Abstract
Blend monitoring using a spectroscopic probe inserted into a tablet press feed frame is an emerging PAT application. Previous studies have demonstrated the feasibility of monitoring the uniformity and potency of the powder circulating within the feed frame. It has the potential to enable real time release content uniformity testing and control with the integration of tablet press control systems.

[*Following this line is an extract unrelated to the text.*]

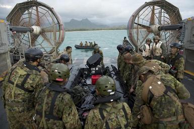| Keywords: International partners participate in Amphibious Assault Exercise during RIMPAC 2014 140727-N-WX378-051.jpg en Members of the Japan Ground Self Defense Force Princess Patricia's Canadian Light Infantry Recon Platoon and the U S Marine 3rd Reconnaissance Battalion A Company Third Platoon unload a combat rubber raiding craft off a landing craft air cushion assigned to Assault Craft Unit ACU 5 as part of a training exercise during Rim of the Pacific RIMPAC Exercise 2014 Twenty-two nations 49 ships and six submarines more than 200 aircraft and 25 000 personnel are participating in RIMPAC from June 26 to Aug 1 in and around the Hawaiian Islands and Southern California The world's largest international maritime exercise RIMPAC provides a unique training opportunity that helps participants foster and sustain the cooperative relationships that are critical to ensuring the safety of sea lanes and security on the world's oceans RIMPAC 2014 is the 24th exercise in the series that began in 1971 U S Navy photo by Mass Communication Specialist 2nd Class Bryan M Ilyankoff/Released 2014-07-27 Petty Officer 2nd Class Bryan Ilyankoff https //www dvidshub net/image/1474143 140727-N-WX378-051 2014-07-31 14 26 MARINE CORPS TRAINING AREA BELLOWS HI US PD-USGov-Military-Navy Marine Corps Training Area Bellows RIMPAC 2014 Images from DoD uploaded by Fæ Princess Patricia's Canadian Light Infantry |

Due to the movement of powder within the feed frame, the physical properties variation of the blend is pronounced. In order to further develop the feed frame monitoring approach into a robust application, sample presentation is a critical aspect that needs to be examined and controlled. Studies have been conducted using specially designed devices to provide fundamental understanding on sample presentation. The movement of powder, the implementation of the near infrared (NIR) probe, and the resulting impact on the spectral interpretation are discussed. The studies show that with the optimized probe distance, suitable spectral preprocessing and averaging, the oscillation caused by the moving dynamic can be significantly reduced. Additionally, the potency profile of a 4% drug loading formulation was successfully obtained from feed frame and had good correlation with the stratified tablet sample results.
Introduction
Process analytical technology (PAT) has been an important initiative for the pharmaceutical industry [1]. The role of PAT changes for drug products at different stages. The development stage often requires approaches that have fast turnaround time and low initial effort to provide adequate information for process understanding. Once the product is transferred to the commercial manufacturing stage, the accuracy and robustness of the methods are critical to ensure product quality and potentially for real time release applications. For both of the stages, on-line approaches are often preferred for the rapidness and in-situ information.

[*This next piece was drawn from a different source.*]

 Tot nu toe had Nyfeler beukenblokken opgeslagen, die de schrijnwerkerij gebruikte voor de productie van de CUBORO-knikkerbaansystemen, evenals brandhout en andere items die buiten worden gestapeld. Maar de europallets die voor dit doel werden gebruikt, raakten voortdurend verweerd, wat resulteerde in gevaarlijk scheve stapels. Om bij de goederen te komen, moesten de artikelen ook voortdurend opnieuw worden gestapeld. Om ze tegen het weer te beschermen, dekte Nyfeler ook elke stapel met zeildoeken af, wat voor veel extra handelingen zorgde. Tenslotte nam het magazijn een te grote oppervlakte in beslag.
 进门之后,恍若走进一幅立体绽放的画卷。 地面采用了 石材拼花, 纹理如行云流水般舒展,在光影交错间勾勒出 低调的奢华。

NIR spectroscopy for potency analysis is one of the most widely used PAT applications for solid dosage forms such as tablets. This is often achieved by on-line or off-line NIR analysis on the tablet cores [2-4]. For the on-line approach, tablet samples are automatically transferred, by a specialized tablet handling system, from the discharge of a tablet press to a stationary tablet holder for the spectral collection. This process
ensures the consistency and repeatability of sample presentation to the instrument, and acceptable spectral signal-to-noise ratio. However, often there is a considerable lag time between the tablet sampling and subsequent analysis.
Tablet feed frame monitoring has been an emerging technology in very recent years. Previous case studies have shown the feasibility of monitoring the potency of drug product in feed frame by NIR probe [5]. Instead of scanning the tablet cores out of the tablet press, the probe monitors the final blend circulating within the feed frame of the tablet press. This approach enables real-time 100% inspection with potential feedback or feed forward control, which is especially important for continuously manufacturing. Additionally, this technology can be applied to different solid dosage formulations (e.g. direct compression or dry granulation) and product images (e.g. standard round or capsular shaped tablets).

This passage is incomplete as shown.